• **COLLECTED DATA**
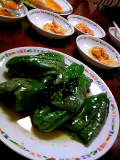 私のイチオシは【ピーマン炒め】(写真)ピーマンと黒い粒は豆鼓(トーチ)。とにかくおいしいから、これは食べなきゃです!ちなみに奥に写ってるのは【エビチリ】6人で分けると1人分はこのくらい。(そりゃそうだ)
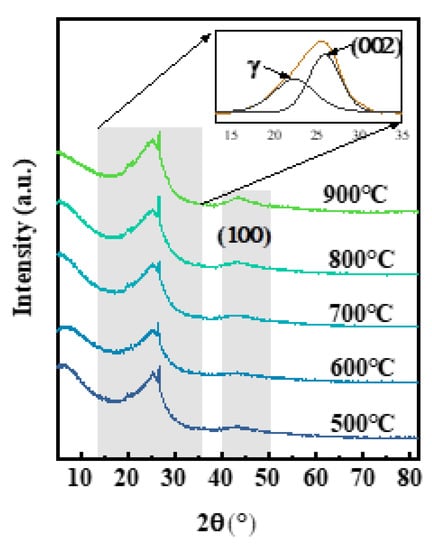 Many studies [,] have shown that the peaks present from 15° to 30° are constituted by the combined superposition of the 002-peak and the γ-peak, which is to the left of the 002-peak. The 002-peak is the stacking between the structures of the aromatic layer. The γ-peak is related to the structure of the side chains of aliphatic hydrocarbons, various functional groups, and alicyclic hydrocarbons connected to the structure of the aromatic rings, and the 100-peak represents the size of the aromatic layer.
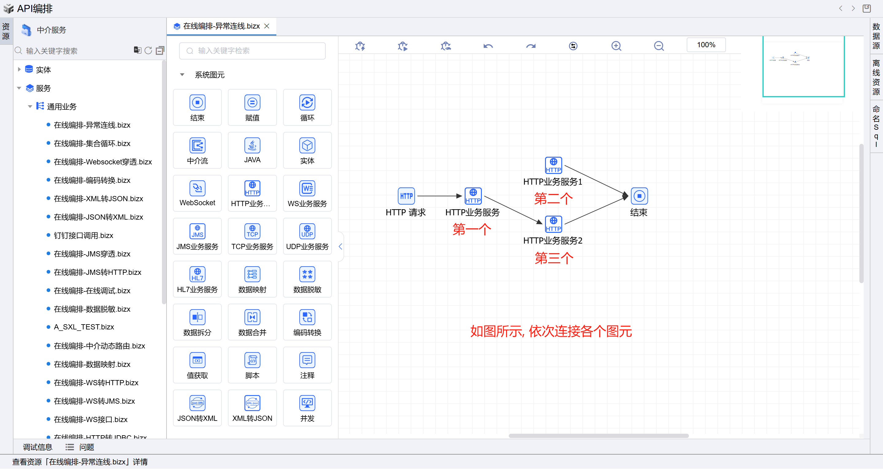 - 保存成功后系统自动打开中介编排页面,如下图所示。从左侧拖三个HTTP业务服务图元(顺序如下图所示)到开始和结束图元中间并依次连接各个图元。如下图:
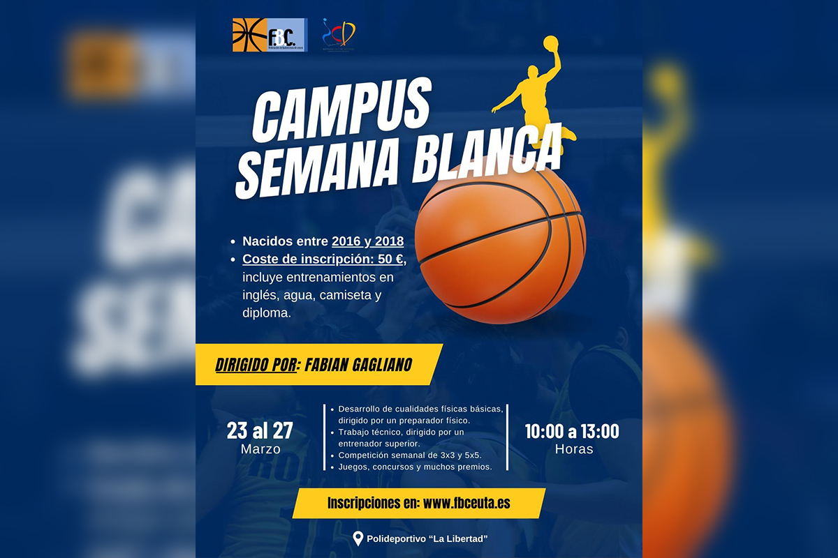 El Campus de Semana Santa Blanca de Baloncesto estará dirigido por Fabián Gagliano y supervisado por la Federación de Baloncesto de Ceuta. Esta actividad incluye, además, desarrollo de cualidades físicas básicas, que estarán impartidas por un preparador físico, trabajo técnico, dirigido por un entrenador superior y competición semanal de 3x3 y 5x5 además de juegos, concursos y muchos premios para todos los participantes.

• **WHAT IS REQUIRED**
Pictures stay out of the copy; print the material above exactly.

• **RESULT BELOW**
 私のイチオシは【ピーマン炒め】(写真)ピーマンと黒い粒は豆鼓(トーチ)。とにかくおいしいから、これは食べなきゃです!ちなみに奥に写ってるのは【エビチリ】6人で分けると1人分はこのくらい。(そりゃそうだ)
 Many studies [,] have shown that the peaks present from 15° to 30° are constituted by the combined superposition of the 002-peak and the γ-peak, which is to the left of the 002-peak. The 002-peak is the stacking between the structures of the aromatic layer. The γ-peak is related to the structure of the side chains of aliphatic hydrocarbons, various functional groups, and alicyclic hydrocarbons connected to the structure of the aromatic rings, and the 100-peak represents the size of the aromatic layer.
 - 保存成功后系统自动打开中介编排页面,如下图所示。从左侧拖三个HTTP业务服务图元(顺序如下图所示)到开始和结束图元中间并依次连接各个图元。如下图:
 El Campus de Semana Santa Blanca de Baloncesto estará dirigido por Fabián Gagliano y supervisado por la Federación de Baloncesto de Ceuta. Esta actividad incluye, además, desarrollo de cualidades físicas básicas, que estarán impartidas por un preparador físico, trabajo técnico, dirigido por un entrenador superior y competición semanal de 3x3 y 5x5 además de juegos, concursos y muchos premios para todos los participantes.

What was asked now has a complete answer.